Given material
Content starts

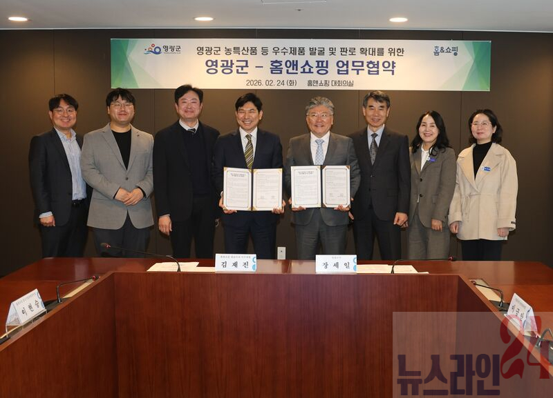 영광군&(주)홈앤쇼핑 업무협약 체결영광군은 지난 24일 ㈜홈앤쇼핑과 영광군의 우수 농특산물 판로 확대와 중소기업·소상공인 우수제품 발굴을 위한 업무협약(MOU)을 체결했다.
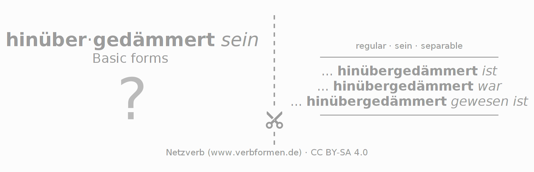 Worksheets are used generally for the conjugation of the verb hinüberdämmern in teaching. The materials can be used as Open Educational Resources (OER) for exercises, for games and as Tasks (CC BY-SA 4.0). There are many different types of tasks available for the verb hinüberdämmern. These are overview sheets with complete conjugation, puzzles and games that require joint learning. The entire educational material is available for free as a PDF download, as pictures and as an interactive browser version. In addition to the tasks, countless examples for hinüberdämmern also provide an aid to using the verb.
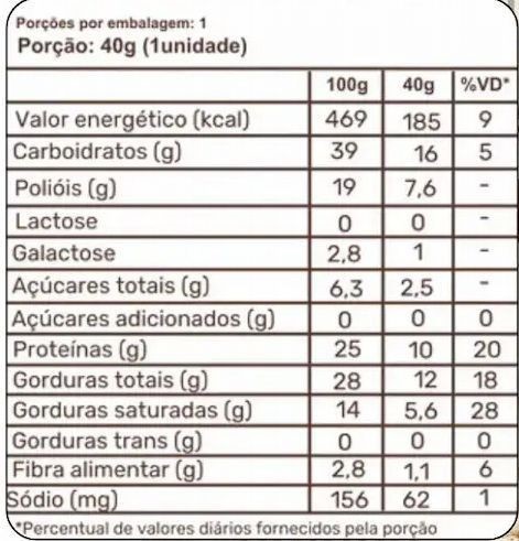 Ingredientes: Mix de proteínas: (proteína concentrada do soro do leite zero lactose, proteína isolada de soro do leite zero lactose, colágeno hidrolisado e clara de ovo em pó), amendoim torrado, leite integral em pó zero lactose, gordura vegetal, fibra solúvel: polidextrose, biscoito sabor cacau: (farinha de arroz, fécula de batata, amido de milho e cacau em pó), sal, emulsificantes: (lecitina de soja e poliglicerol polirricinoleato) e edulcorantes: (maltitol e stevia), fermento químico: bicarbonato de sódio, aromatizantes e antioxidante: (vitamina E - tocoferol). NÃO CONTÉM GLÚTEN. NÃO CONTÉM LACTOSE. ALÉRGICOS: CONTÉM AMENDOIM, OVO, DERIVADOS DE LEITE E DE SOJA. PODE CONTER: AMÊNDOAS, AVELÃ, PISTACHE E CASTANHA-DE-CAJU.

Content ends

Exercise requirements
Set down the data again, exactly, without images.

Answer
 영광군&(주)홈앤쇼핑 업무협약 체결영광군은 지난 24일 ㈜홈앤쇼핑과 영광군의 우수 농특산물 판로 확대와 중소기업·소상공인 우수제품 발굴을 위한 업무협약(MOU)을 체결했다.
 Worksheets are used generally for the conjugation of the verb hinüberdämmern in teaching. The materials can be used as Open Educational Resources (OER) for exercises, for games and as Tasks (CC BY-SA 4.0). There are many different types of tasks available for the verb hinüberdämmern. These are overview sheets with complete conjugation, puzzles and games that require joint learning. The entire educational material is available for free as a PDF download, as pictures and as an interactive browser version. In addition to the tasks, countless examples for hinüberdämmern also provide an aid to using the verb.
 Ingredientes: Mix de proteínas: (proteína concentrada do soro do leite zero lactose, proteína isolada de soro do leite zero lactose, colágeno hidrolisado e clara de ovo em pó), amendoim torrado, leite integral em pó zero lactose, gordura vegetal, fibra solúvel: polidextrose, biscoito sabor cacau: (farinha de arroz, fécula de batata, amido de milho e cacau em pó), sal, emulsificantes: (lecitina de soja e poliglicerol polirricinoleato) e edulcorantes: (maltitol e stevia), fermento químico: bicarbonato de sódio, aromatizantes e antioxidante: (vitamina E - tocoferol). NÃO CONTÉM GLÚTEN. NÃO CONTÉM LACTOSE. ALÉRGICOS: CONTÉM AMENDOIM, OVO, DERIVADOS DE LEITE E DE SOJA. PODE CONTER: AMÊNDOAS, AVELÃ, PISTACHE E CASTANHA-DE-CAJU.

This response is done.